Layla’s Lesson: “The Dance of Parental Inaction-Reaction”

Our mornings start with Layla.

This 35 pound black Corgi/Border Collie/Australian Shepard Mix (that means 6 inch legs with  7 inch long hair and a “royal tussie” that struts with the DNA from Queens) jumps on our bed, crawls between us and begins to “nose into us.”  If we are slow to respond, she licks any exposed facial parts: ears, nose, etc.  Of course we have NOT demanded any other morning NON-greeting.  We have TRAINED her for this morning routine.  We TRAINED her because we did NOT stop her from going through this obnoxious morning routine.  You can come to your own conclusions as to how much we like or don’t like this awakening routine.

(On our collective behalf:  if my husband or I really don’t want a wet nose or have to rub a belly, we simple say, “Good Night Layla.”  She stops and crawls to end of the bed and “naps” until there is a signal on our part for “time to get up.”  Then Layla returns with the entire morning routine fully established, including all four feet in the air, waiting for her belly to be rubbed.)
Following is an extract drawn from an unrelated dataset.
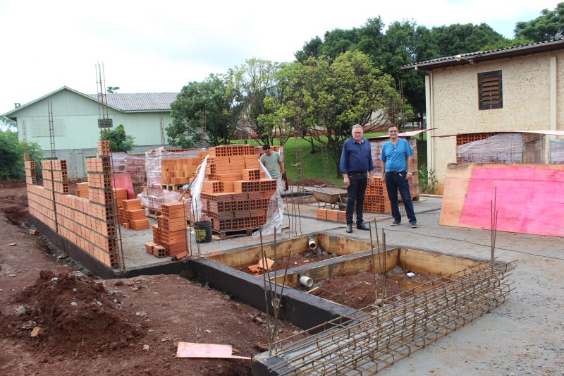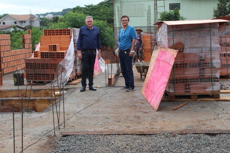 Prefeito Antônio Roberto Caldato e Secretário Municipal de Assistência Social Ronei Paulo Oliboni, visitam a recém iniciada obra de construção do CRAS (Centro de Referência da Assistência Social).

All of this to ask a simple question:  How have you TRAINED your child by ignoring his actions?

Typically, parents unwittingly TRAIN their child by first ignoring the negative behavior (usually in the attention-seeking realm), and then finally giving in and giving a REACTION to the behavior.  This TRAINS the child to first engage the parent through poor behavior (whining, begging, hitting, temper tantrums, etc) to be able to expect the reward of PARENTAL ATTENTION.  The parent either “gives in and gives the begged for item; or, scolds and enters into a power struggle with the child.  Either Response from the parent is rewarding to the child, as they gain the parent’s attention.  Both responses give the wrong lesson.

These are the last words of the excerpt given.